▶ [DATA FOR THIS EXERCISE]

━━━━━━━━━━━━━━━━━━━━━━━━━━━━━━

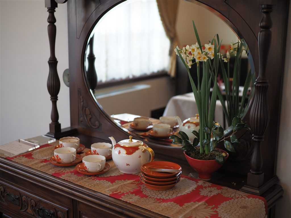 鏡の前は洋風のティーセット。でも和風の絵付です。
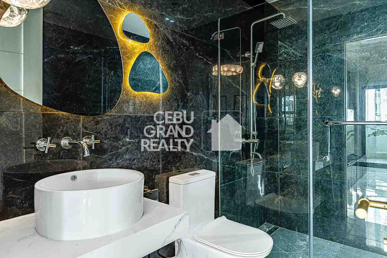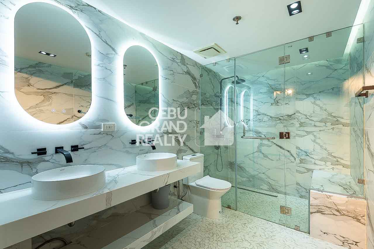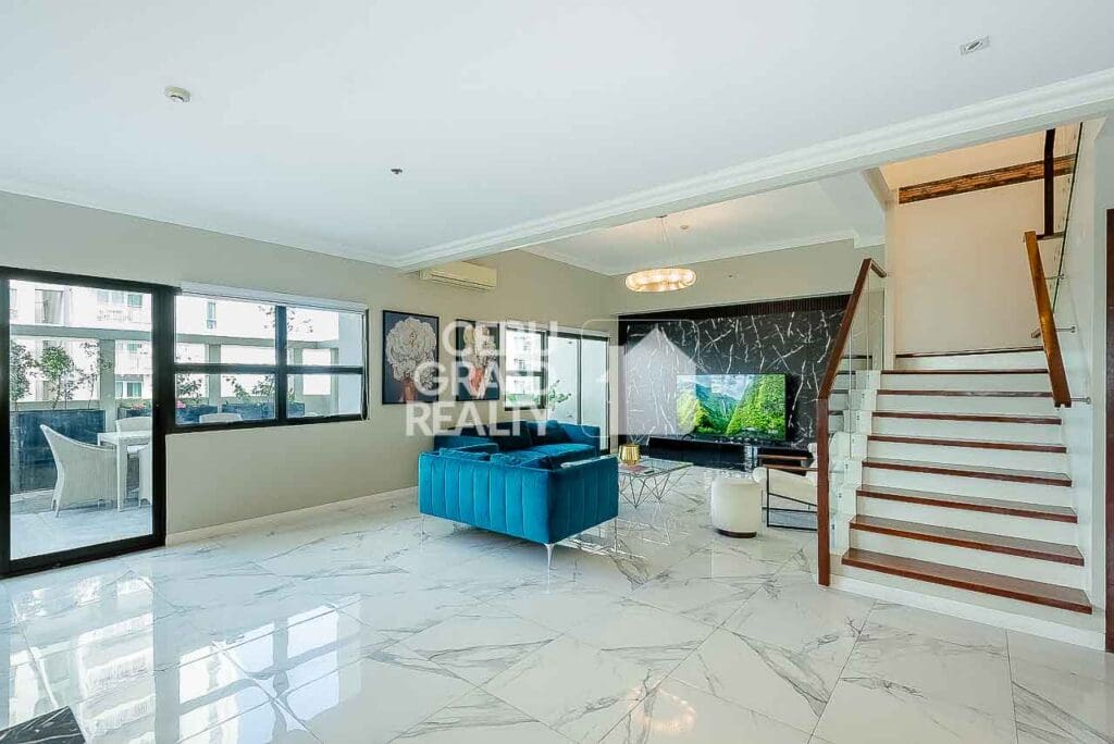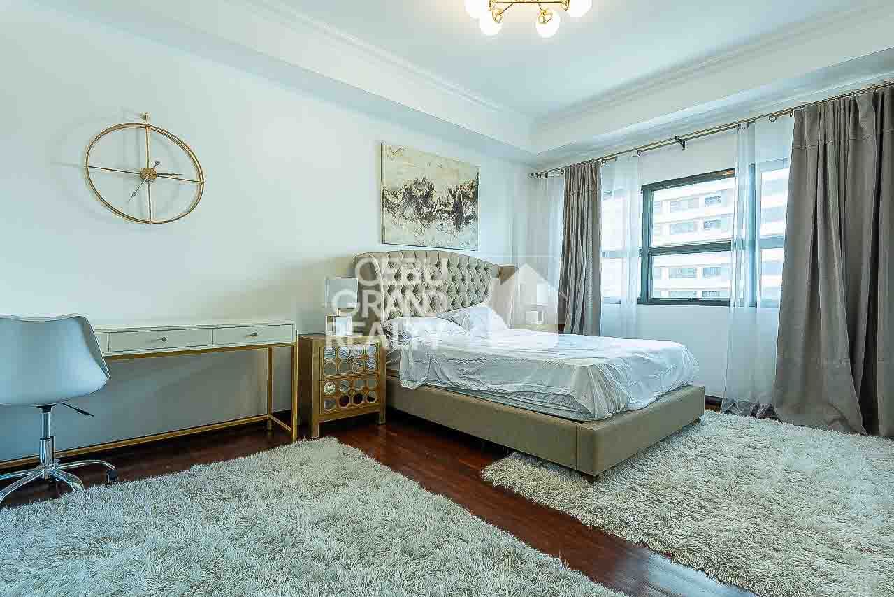 Moving upstairs, the upper level also continues the theme of luxury with big bedrooms that have rich hardwood flooring. Moreover, the master suite is a true getaway, complete with an elegant patterned ceiling and a classy feel. As you can see, every detail, from the soft velvet furniture to the eye-catching marble accent walls, has been carefully chosen for your penthouse with its scenic balcony views. Therefore, don't miss the chance to make this Luxurious and Stunning Penthouse with a Scenic Balcony your new home in Cebu.
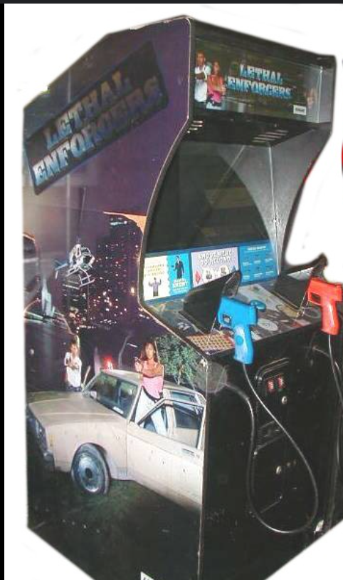 Some friends and I were probably 15, staying at a hotel near Cedar Point (Roller Coaster Park in Sandusky OH).  They had a Lethal Enforcer Arcade game off to the side.  Well, the coin collector forgot to lock it when done collecting.  With the open door, we were able to trip the coin lever as many times as we wanted.  We beat the game!  :-)
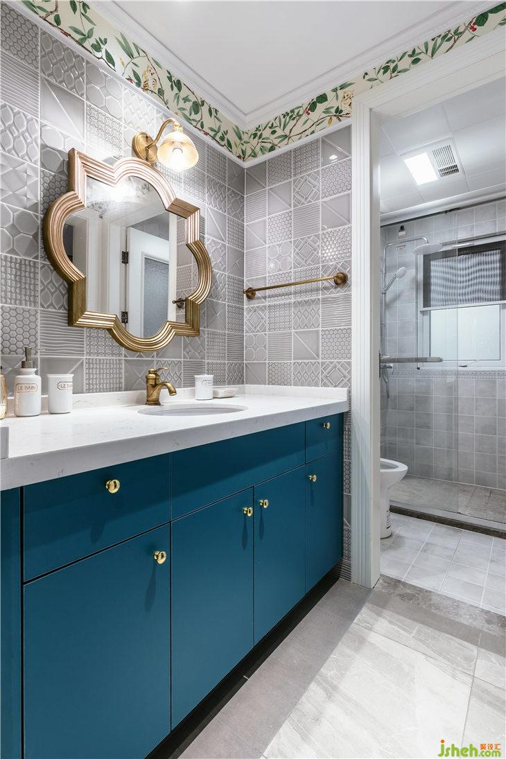 廚房跟餐廳相連,雙移門內(nèi)退到墻后,地面不做地軌,讓空間過度自然,廚柜選用了灰藍色木飾面門板,復古銅色把手,灰橙色花磚作為腰線圍繞臺面一周,灶臺面花磚作為主背景提升整體美式精致感,廚房不但是家居生活最重要的功能區(qū),也是生活儀式感提升的主體空間。
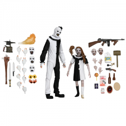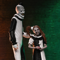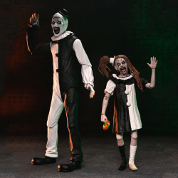 De la película Terrifier 2 de Damien Leone, NECA te trae este terrorífico pack doble de Art el Payaso y su sádica compañera, La Niña Pálida. Ambas figuras miden 18 cm y lucen sus clásicos trajes de payaso en blanco y negro.
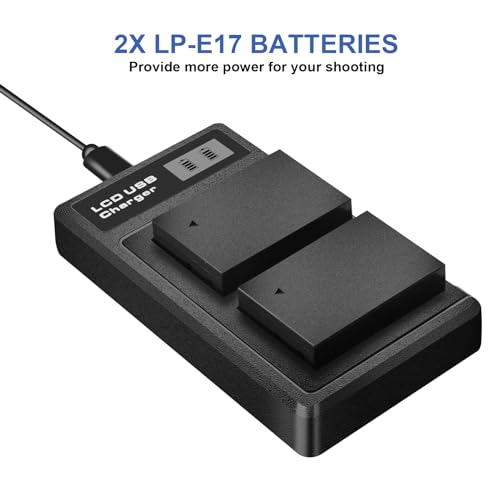 2 X LP-E17 Batteria di Ricambio e LCD Doppio caricatore Compatibile con Canon EOS 77D, EOS 750D, EOS 760D, EOS 8000D, EOS M3, EOS M5, EOS M6, EOS Rebel T6i, EOS Rebel T6s, Kiss X8i
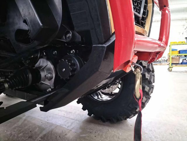 Регулируемая подвеска. Уверенно двигайтесь вперед! Благодаря регулируемой подвеске, клиренсу в 33 сантимера и внушительному углу атаки, вы готовы покорить самую сложную местность. 14-дюймовые диски и внедорожние шины позволят чуствовать себя комфортно на любой трассе.
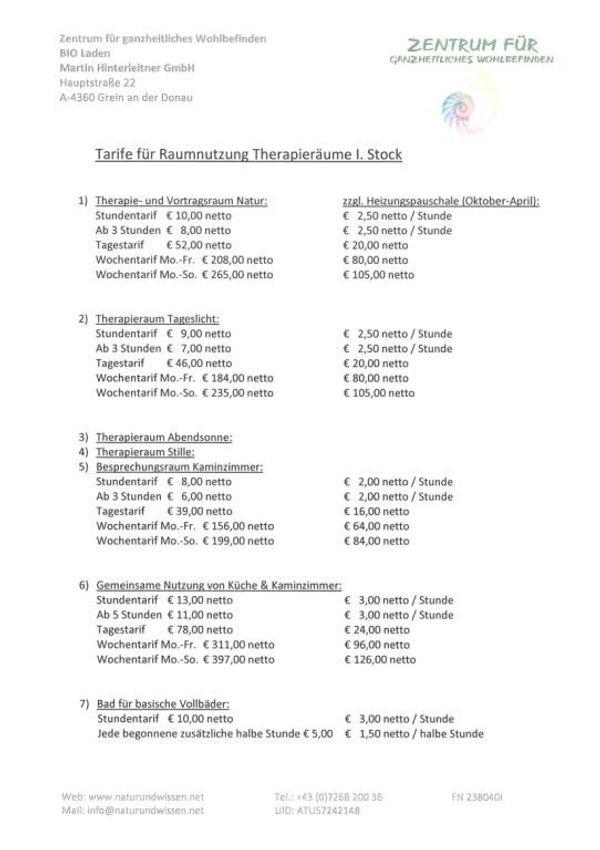 Im Zentrum für ganzheitliches Wohlbefinden neben dem 20er Hof in Grein werden über dem BIO Laden verschiedene Räume stundeweise oder tageweise zur Vermietung angeboten. Die Räume sind voll möbliert und können für Therapie, Massagen, Besprechungen, Vorträge oder auch für Kochunterrichte oder für Heilbäder verwendet werden.

━━━━━━━━━━━━━━━━━━━━━━━━━━━━━━

When you copy the lines above, drop the pictures and keep everything else exact.

 鏡の前は洋風のティーセット。でも和風の絵付です。
 Moving upstairs, the upper level also continues the theme of luxury with big bedrooms that have rich hardwood flooring. Moreover, the master suite is a true getaway, complete with an elegant patterned ceiling and a classy feel. As you can see, every detail, from the soft velvet furniture to the eye-catching marble accent walls, has been carefully chosen for your penthouse with its scenic balcony views. Therefore, don't miss the chance to make this Luxurious and Stunning Penthouse with a Scenic Balcony your new home in Cebu.
 Some friends and I were probably 15, staying at a hotel near Cedar Point (Roller Coaster Park in Sandusky OH).  They had a Lethal Enforcer Arcade game off to the side.  Well, the coin collector forgot to lock it when done collecting.  With the open door, we were able to trip the coin lever as many times as we wanted.  We beat the game!  :-)
 廚房跟餐廳相連,雙移門內(nèi)退到墻后,地面不做地軌,讓空間過度自然,廚柜選用了灰藍色木飾面門板,復古銅色把手,灰橙色花磚作為腰線圍繞臺面一周,灶臺面花磚作為主背景提升整體美式精致感,廚房不但是家居生活最重要的功能區(qū),也是生活儀式感提升的主體空間。
 De la película Terrifier 2 de Damien Leone, NECA te trae este terrorífico pack doble de Art el Payaso y su sádica compañera, La Niña Pálida. Ambas figuras miden 18 cm y lucen sus clásicos trajes de payaso en blanco y negro.
 2 X LP-E17 Batteria di Ricambio e LCD Doppio caricatore Compatibile con Canon EOS 77D, EOS 750D, EOS 760D, EOS 8000D, EOS M3, EOS M5, EOS M6, EOS Rebel T6i, EOS Rebel T6s, Kiss X8i
 Регулируемая подвеска. Уверенно двигайтесь вперед! Благодаря регулируемой подвеске, клиренсу в 33 сантимера и внушительному углу атаки, вы готовы покорить самую сложную местность. 14-дюймовые диски и внедорожние шины позволят чуствовать себя комфортно на любой трассе.
 Im Zentrum für ganzheitliches Wohlbefinden neben dem 20er Hof in Grein werden über dem BIO Laden verschiedene Räume stundeweise oder tageweise zur Vermietung angeboten. Die Räume sind voll möbliert und können für Therapie, Massagen, Besprechungen, Vorträge oder auch für Kochunterrichte oder für Heilbäder verwendet werden.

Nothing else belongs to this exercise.